Report from a Seminar on the Draft Guiding Principles on
“Extreme Poverty and Human Rights: the Rights of the Poor”
Office of the UN High Commissioner for Human Rights, Geneva
27-28 January 2009
IFSW was represented by our Main Representative in Geneva, Ellen Mouravieff-Apostol, at the recent seminar convened by the Office of the UN High Commissioner for Human Rights in Geneva. IFSW has been working hard on our contribution to the consultation on extreme poverty and human rights over several years. In the report which follows, Ellen describes what happened during the seminar and what happens next. We confidently expect that the IFSW contribution and social work principles will be reflected in the final draft.
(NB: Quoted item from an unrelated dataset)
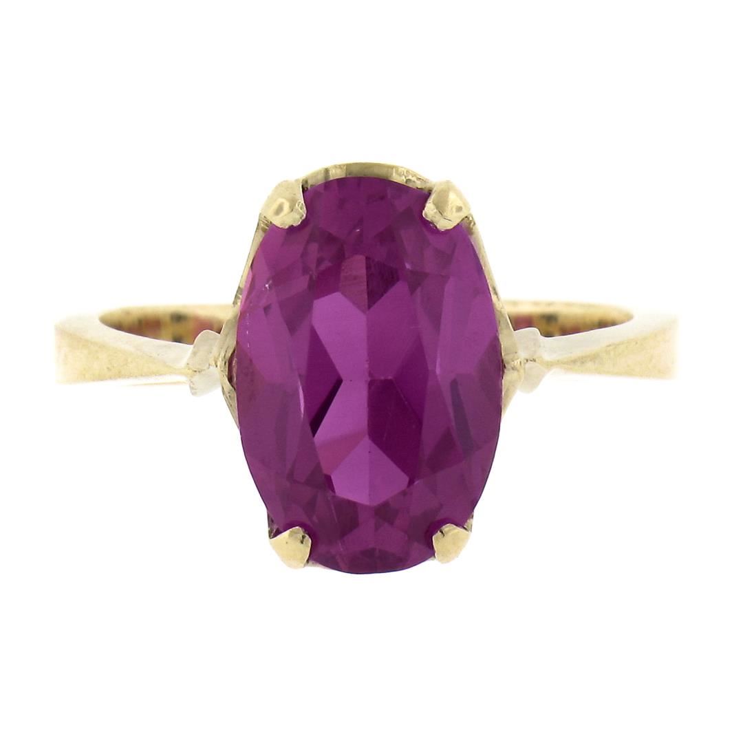 A vintage solid 14k yellow gold solitaire ring, with 1 oval cut pink stone (11.8x7.8mm). The ring is size 6.5, weighs a total of 3.79 grams, and measures 12.1mm wide.

IFSW’s involvement with the above mentioned long time human rights document in the making goes back to the mid-1990s when NGOs, and especially the non-governmental organisation ATD-Fourth World, first proposed the idea of guidelines against extreme poverty at the former Sub-Commission on the Promotion and Protection of Human Rights. The matter reached the former Commission on Human Rights, who in its resolution 2001/31 requested the Sub-Commission, with the help of an ad hoc group of experts, to draw up guiding principles on the implementation of human rights norms and standards in the context of the fight against extreme poverty.
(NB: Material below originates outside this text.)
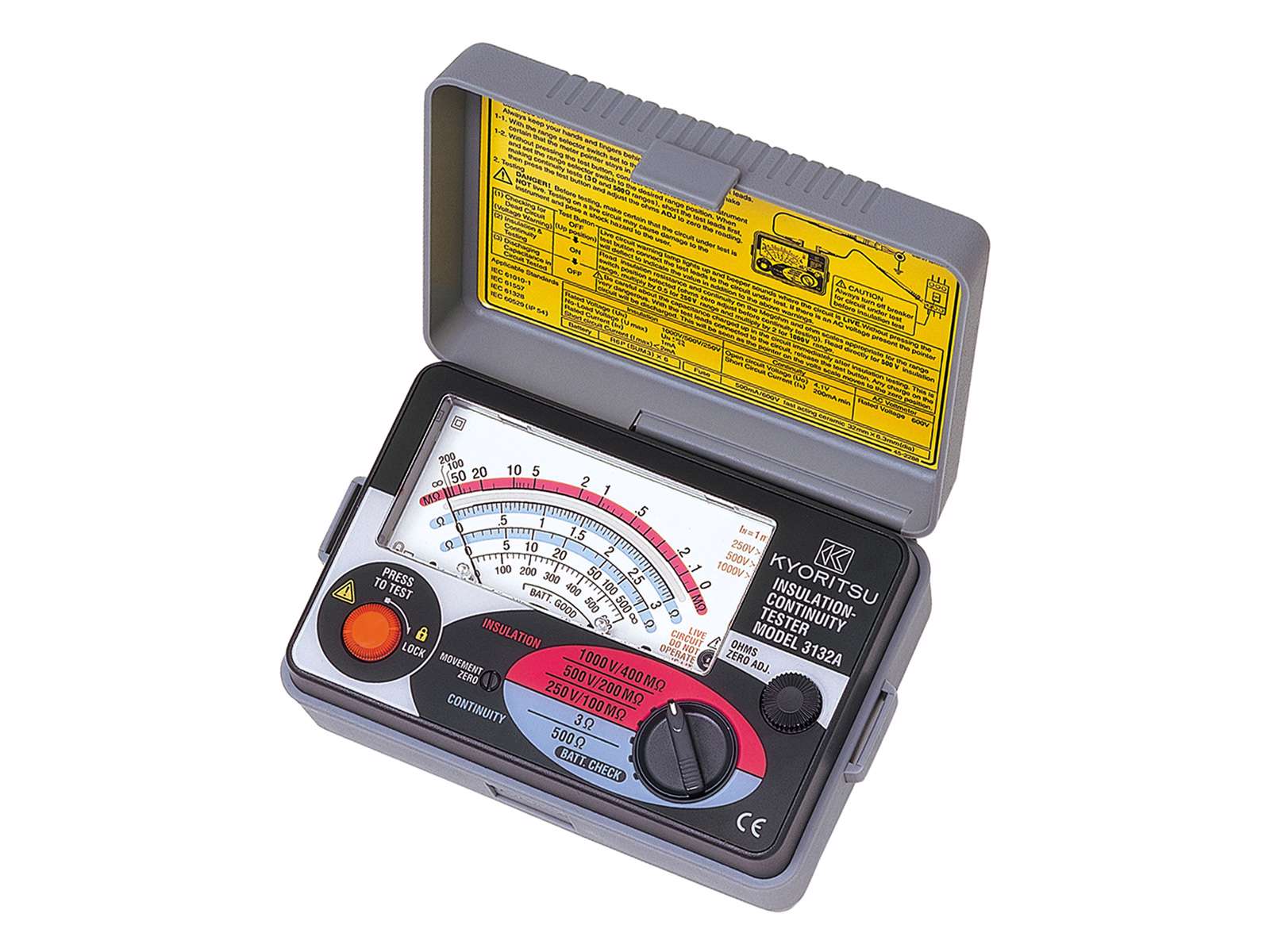 - Valgfri prøvespændinger på 250, 500 og 1000 V.

Texts from experts of the former Sub-Committee as well as ideas stemming from extremely poor population groups with whom experts met in various parts of the world found their way into the present draft.
The Seminar was composed of Representatives of Member States, Representatives of UN-related Organisations, independent experts, NGOs and, most importantly, two persons who had lived in extreme poverty, one from France, and the other from Peru.
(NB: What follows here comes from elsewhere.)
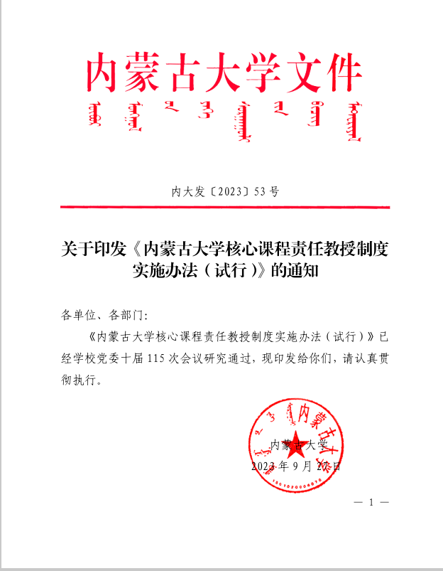 关于印发《永利官网核心课程责任教授制度实施办法(试行)》的通知

A group of 11 NGOs held a consultation on 27/28 November 2008 in preparation for the Seminar during which much existing text was tentatively amended, and new text proposed. Part of our conclusions might find their way into the Seminar report that will be available within some weeks. It is hoped that a definitive text can be submitted to the Human Rights Council, either at its 11th session in June or its 12th in September 2009.
Participants, and perhaps most of all NGOs who had worked hard on the text were delighted with a proposal to entrust the final version of the Draft Guidelines to the Special Rapporteur on Extreme Poverty and Human Rights, Ms. Magdalena Sepúlveda (Chile), with whom we intend to continue our collaboration. Such a decision will however require a resolution of the Human Rights Council which will hopefully be passed at its session in June. If all goes well, Ms. Sepulveda’s text should be ready by the end of the year, after which the Office of the UN High Commissioner for Human Rights will post a second and last wide-ranging consultation on line for final comments.
As seminars go, it was a good one where empathy with extremely poor people and harmony during the debates prevailed. Evidently, in this case no divisive or ideological matters intervened …
The IFSW Representative at the U.N. at Geneva expects that the Guiding Principles, when adopted, will be able to help Member States in the planning and execution of national measures to combat extreme poverty, hopefully in cooperation with persons and groups living in extreme poverty. IFSW anticipates that some of its proposals based on social work principles will be accepted as well as applied, and that the education of poor and extremely poor children will be always be high on any anti-poverty agenda.